(Collected material)
==============================

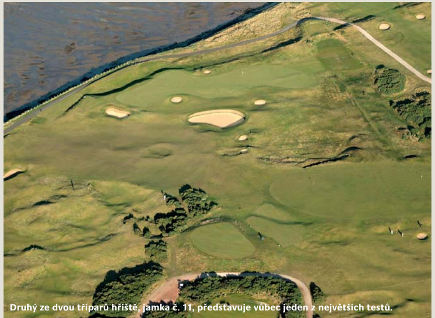
Druhý ze dvou tříparů hřiště, jamka č. 11, představuje vůbec jeden z největších testů.

Golfisté hrající z mistrovských odpališť se na této jamce musí spolehnout na marker, který jim ukazuje, jak svou ránu umístit co nejvýhodněji. Z bližších odpališť je třeba se snažit zacílit vlevo a vyhnout se bankrům po obou stranách ferveje. Před grínem ještě číhá zrádná prohlubeň.
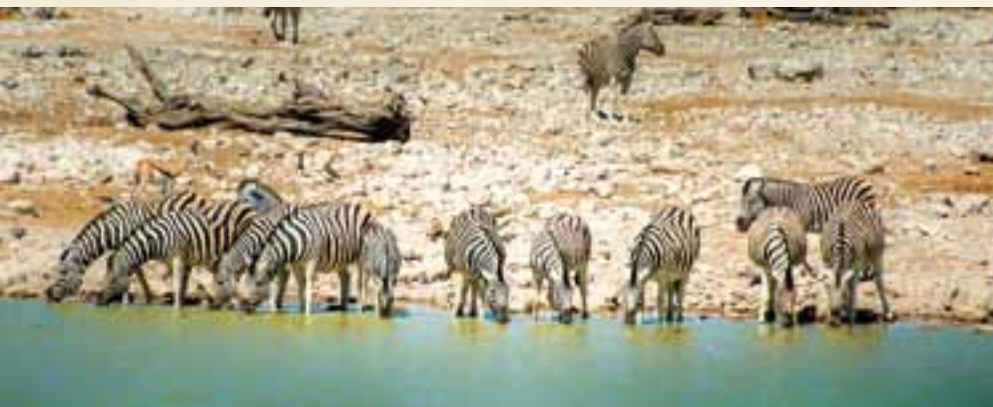
Wasserlöcher bieten beste Voraussetzungen zur Tierbeobachtung

11. Tag Auf Pirsch im Chobe-Nationalpark oder Victoria Falls Hotel Bei einer Bootsfahrt erleben Sie, wie die Tierwelt im wildreichen Chobe-Nationalpark erwacht. Genießen Sie anschließend beim Frühstück die Aussicht von der Lodge-Terrasse, bevor Sie per Bus zurück nach Victoria Falls fahren. Falls Sie im Victoria Falls Hotel übernachtet haben, steht Ihnen der Vormittag

==============================

(Requirement) Every line of the listing above is to be repeated exactly, with its pictures left out.

(Finished exercise)
Druhý ze dvou tříparů hřiště, jamka č. 11, představuje vůbec jeden z největších testů.

Golfisté hrající z mistrovských odpališť se na této jamce musí spolehnout na marker, který jim ukazuje, jak svou ránu umístit co nejvýhodněji. Z bližších odpališť je třeba se snažit zacílit vlevo a vyhnout se bankrům po obou stranách ferveje. Před grínem ještě číhá zrádná prohlubeň.
Wasserlöcher bieten beste Voraussetzungen zur Tierbeobachtung

11. Tag Auf Pirsch im Chobe-Nationalpark oder Victoria Falls Hotel Bei einer Bootsfahrt erleben Sie, wie die Tierwelt im wildreichen Chobe-Nationalpark erwacht. Genießen Sie anschließend beim Frühstück die Aussicht von der Lodge-Terrasse, bevor Sie per Bus zurück nach Victoria Falls fahren. Falls Sie im Victoria Falls Hotel übernachtet haben, steht Ihnen der Vormittag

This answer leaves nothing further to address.